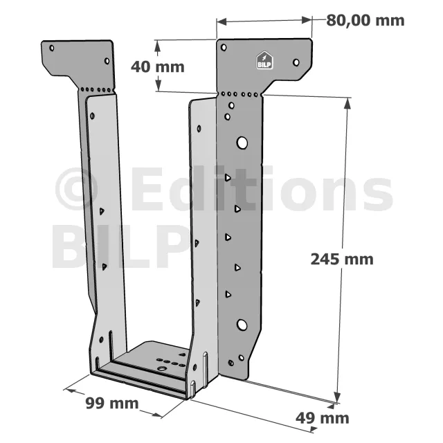 - Étrier fourni avec ses brides supérieures droites, pliables sur chantier afin de s’adapter à toutes les hauteurs de solives,
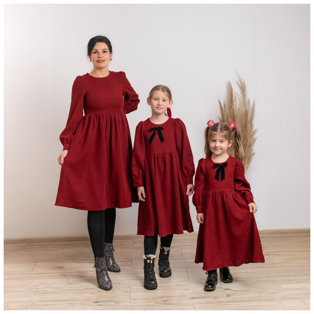 Predstavujeme vám trojset menčestrových šiat Valérie, ktoré sú ideálnou voľbou na sviatky, rodinné fotenia, oslavy či návštevy. Hrejivý menčester v hlbokej vínovo-červenej farbe pôsobí luxusne, no zároveň sú šaty príjemné a pohodlné na nosenie.
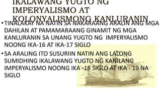 Lahat ng tao ay nakinabang sa kaunlaran na ginawa ng mga kanluranin. MGA DAHILAN IKALAWANG YUGTO NG IMPERYALISMO AT KOLONYALISMO SA TIMOG AT KANLURANG ASYA ika-18 hanggang ika-19 siglo ang. Nanguna sa pagtatayo ng mga kolonya ang.
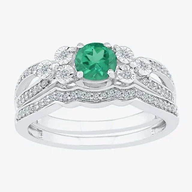 Modern Bride Gemstone Lab Created Emerald & 1/5 CT. T.W. Diamond Sterling Silver Bridal Set
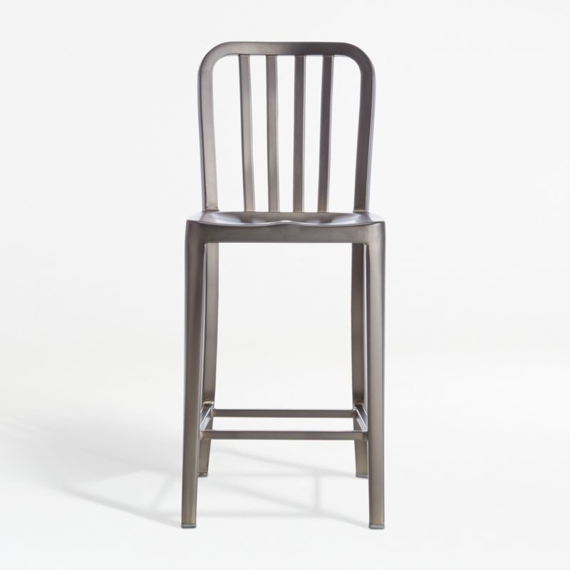 Each sturdy lightweight counter stool is welded and hand polished. The contoured back and molded seat ensure a comfortable sit at the kitchen counter or work table. Optional cushions feature a contemporary box style. The Delta Nickel Counter Stool is a Crate and Barrel exclusive.
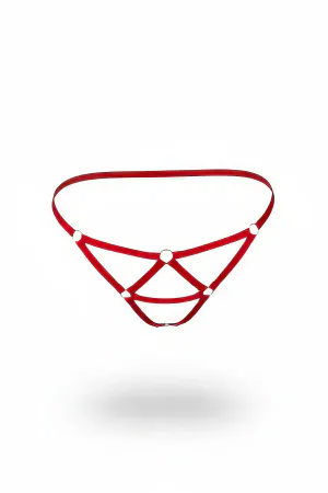 Red Thong - Panty Body Garter with Leather Buckle - APFT732
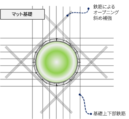- ·基礎に作用するモーメントおよびせん断荷重はマット基礎が負担
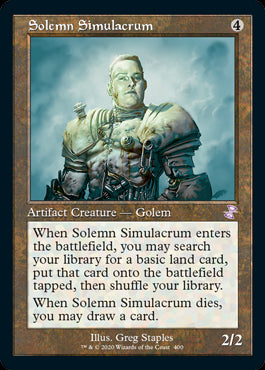NM Magic! The Gathering Solemn Simulacrum Time Spiral Remastered collector number 400 Retro Frame {4} Colourless Artifact Creature with art by Greg Staples
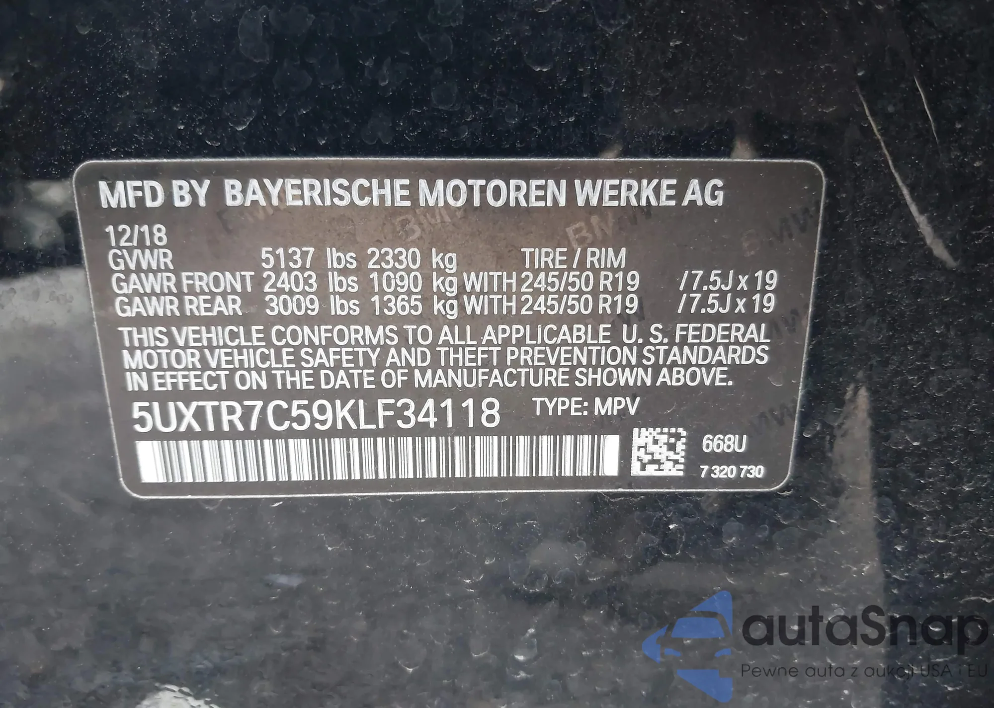 LOT: 44076707 VIN: 5UXTR7C59KLF34118
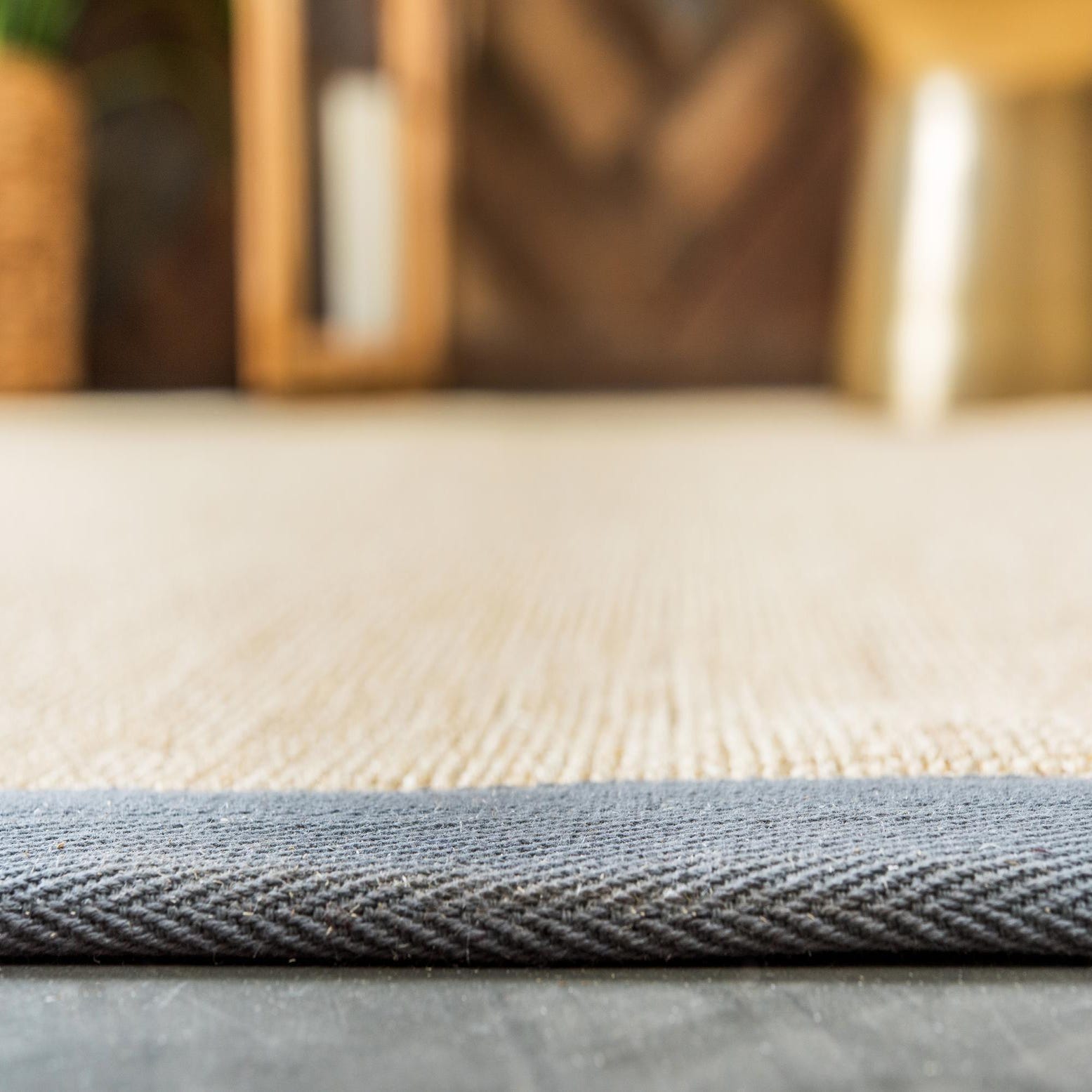 100% Natural Sisal. Handcrafted with a 2" cotton twill border and meticulously finished with non-slip backing.
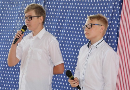 Dominował oczywiście język angielski. Kamil Buda, uczeń II klasy gimnazjum – wyróżniony w Konkursie piosenki anglojęzycznej organizowanym przez Szkołę Podstawową w Wyrzysku piosenką „LIGHT me up” rozpoczął spotkanie. Po powitaniu, Wiktoria Badura, uczennica klasy VI a, uczestniczka konkursu piosenki anglojęzycznej zaśpiewała utwór "Seven years".
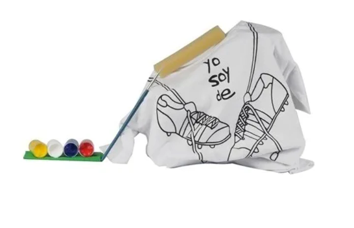 Es un bolso de plástico que se desarma y se transforma en un pintorcito, con todo para pintar una remera de fútbol, de tu equipo favorito!Contiene en sus bolsillos:1 remera de manga corta, blanca, con la impresión de unos botines de fútbol (que quedan como colgados del cuello) y el "yo soy de"4 pinturas para tela asi que puedan pintarlos con los colores de su equipo1 esponja para ir limpiando el pincel1 mantel de plástico (para separar el frente del dorso y que no traspasen los colores)1 pincel
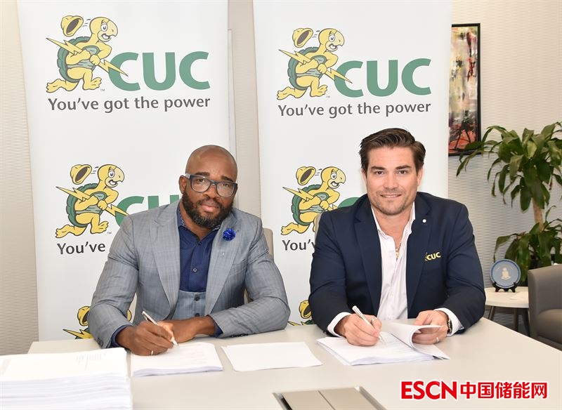 瓦錫蘭公司的Edmund Phillips(左)和加勒比公用事業(yè)有限公司(CUC)的Sacha Tibbetts簽署20MW/20MWh電池儲能系統(tǒng)合同
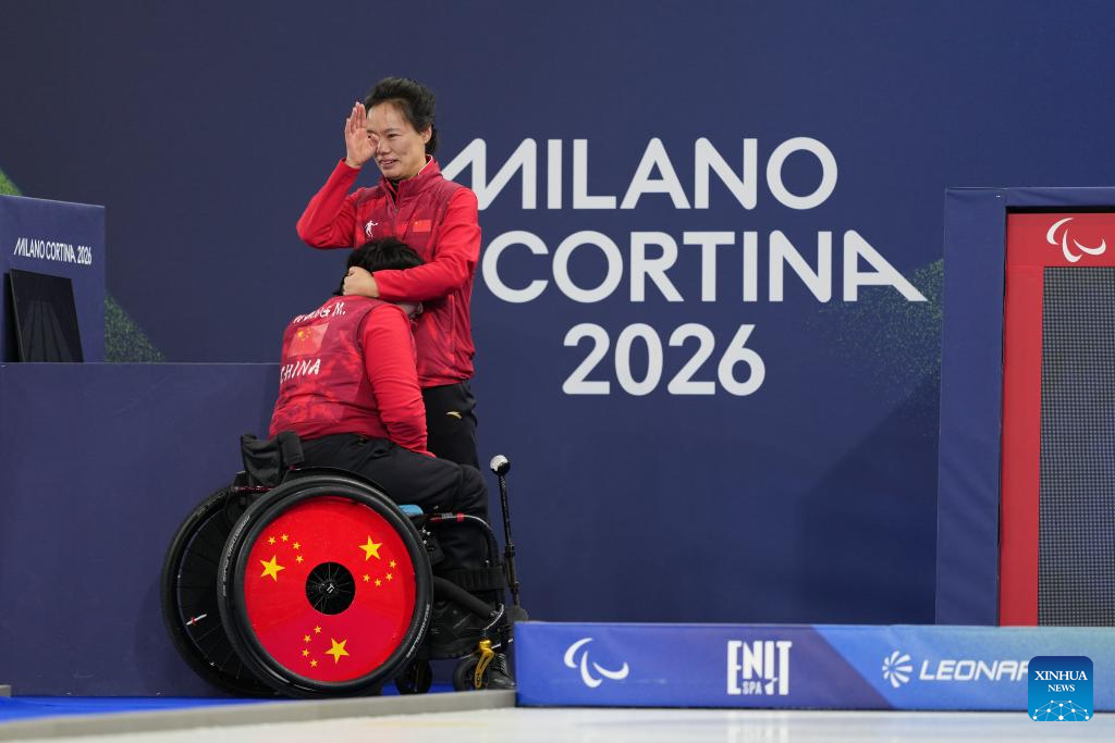 Coach Ru Xia (R) of China sheds tears and hugs Wang Meng after winning the wheelchair curling mixed doubles gold medal game between China and South Korea at the Milan-Cortina 2026 Paralympic Winter Games in Cortina D'ampezzo, Italy, March 11, 2026. (Xinhua/Lian Yi)
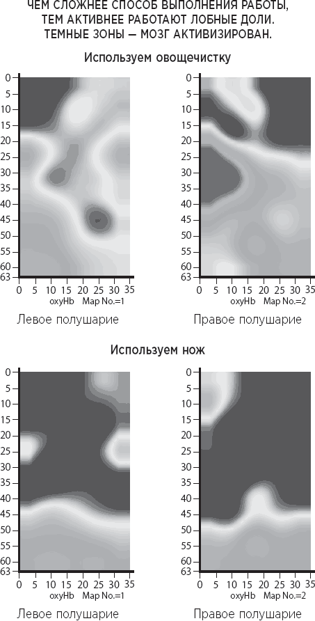 Как видно по результатам, при чистке ножом, то есть более сложным способом, мозг активизируется значительно сильнее. Если мы будем постоянно выбирать более сложные варианты выполнения обычных заданий, это вызовет усталость и раздражение, но если делать это лишь время от времени, эффект будет положительным.
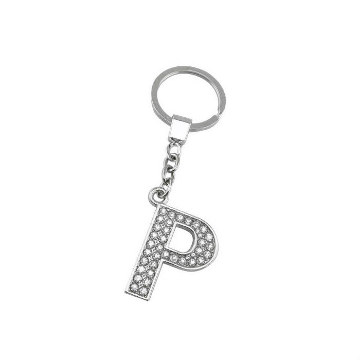 This key ring is made of metal and comes in a “P” shaped design. It has a silver toned exterior and is paved with shimmering stones on the letter “P”. The key ring has a round split ring on top for attaching to bags or key bags.
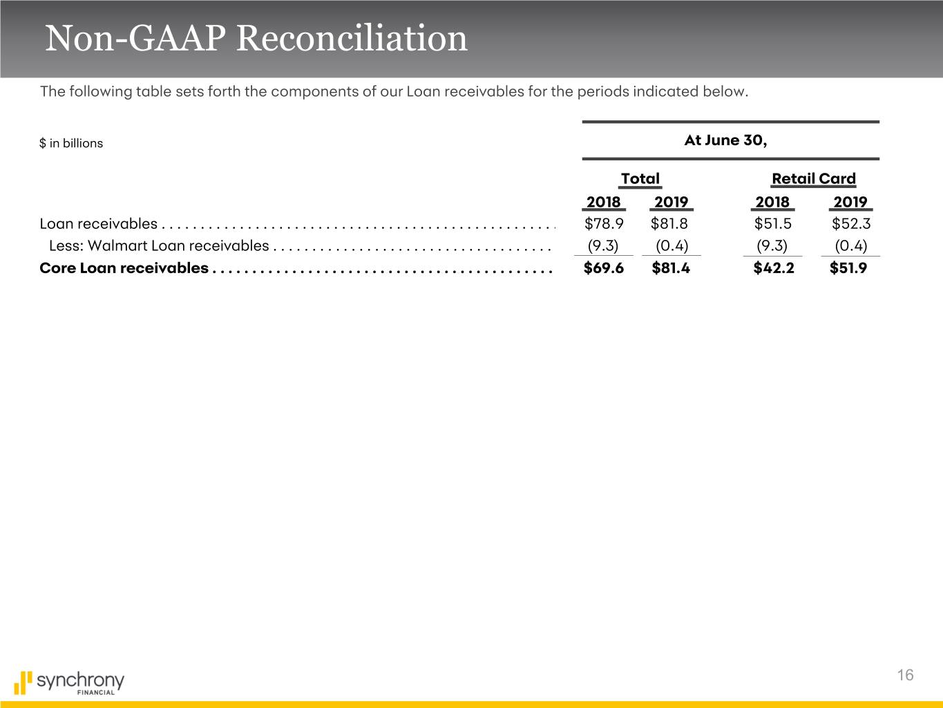 Non-GAAP Reconciliation The following table sets forth the components of our Loan receivables for the periods indicated below. $ in billions At June 30, Total Retail Card 2018 2019 2018 2019 Loan receivables . . . . . . . . . . . . . . . . . . . . . . . . . . . . . . . . . . . . . . . . . . . . . . . . . . . $78.9 $81.8 $51.5 $52.3 Less: Walmart Loan receivables . . . . . . . . . . . . . . . . . . . . . . . . . . . . . . . . . . . . . (9.3) (0.4) (9.3) (0.4) Core Loan receivables . . . . . . . . . . . . . . . . . . . . . . . . . . . . . . . . . . . . . . . . . . . . $69.6 $81.4 $42.2 $51.9 16
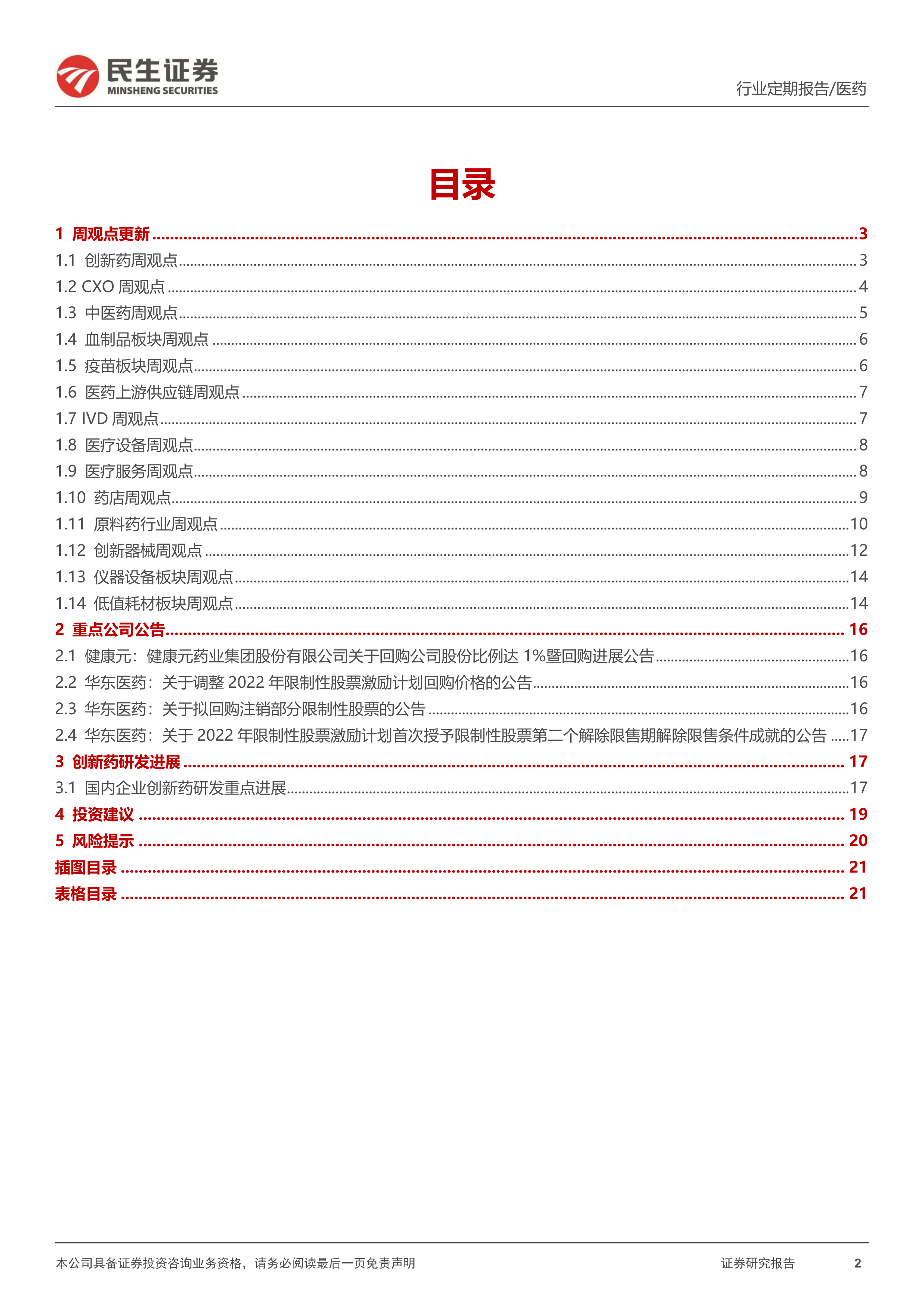 风险提示:集采压力大于预期风险;产品研发进度不及预期风险;竞争加剧风险;政策监管环境变化风险;药物研发服务市场需求下降的风险。
◇ ◇ ◇ ◇
Exercise: Using the data above, retype exactly the lines from the line with "Modern Bride Gemstone" to the line with "Es un bolso", inclusive. No pictures and nothing else.

Task answer:
 Modern Bride Gemstone Lab Created Emerald & 1/5 CT. T.W. Diamond Sterling Silver Bridal Set
 Each sturdy lightweight counter stool is welded and hand polished. The contoured back and molded seat ensure a comfortable sit at the kitchen counter or work table. Optional cushions feature a contemporary box style. The Delta Nickel Counter Stool is a Crate and Barrel exclusive.
 Red Thong - Panty Body Garter with Leather Buckle - APFT732
- ·基礎に作用するモーメントおよびせん断荷重はマット基礎が負担
NM Magic! The Gathering Solemn Simulacrum Time Spiral Remastered collector number 400 Retro Frame {4} Colourless Artifact Creature with art by Greg Staples
 LOT: 44076707 VIN: 5UXTR7C59KLF34118
 100% Natural Sisal. Handcrafted with a 2" cotton twill border and meticulously finished with non-slip backing.
 Dominował oczywiście język angielski. Kamil Buda, uczeń II klasy gimnazjum – wyróżniony w Konkursie piosenki anglojęzycznej organizowanym przez Szkołę Podstawową w Wyrzysku piosenką „LIGHT me up” rozpoczął spotkanie. Po powitaniu, Wiktoria Badura, uczennica klasy VI a, uczestniczka konkursu piosenki anglojęzycznej zaśpiewała utwór "Seven years".
 Es un bolso de plástico que se desarma y se transforma en un pintorcito, con todo para pintar una remera de fútbol, de tu equipo favorito!Contiene en sus bolsillos:1 remera de manga corta, blanca, con la impresión de unos botines de fútbol (que quedan como colgados del cuello) y el "yo soy de"4 pinturas para tela asi que puedan pintarlos con los colores de su equipo1 esponja para ir limpiando el pincel1 mantel de plástico (para separar el frente del dorso y que no traspasen los colores)1 pincel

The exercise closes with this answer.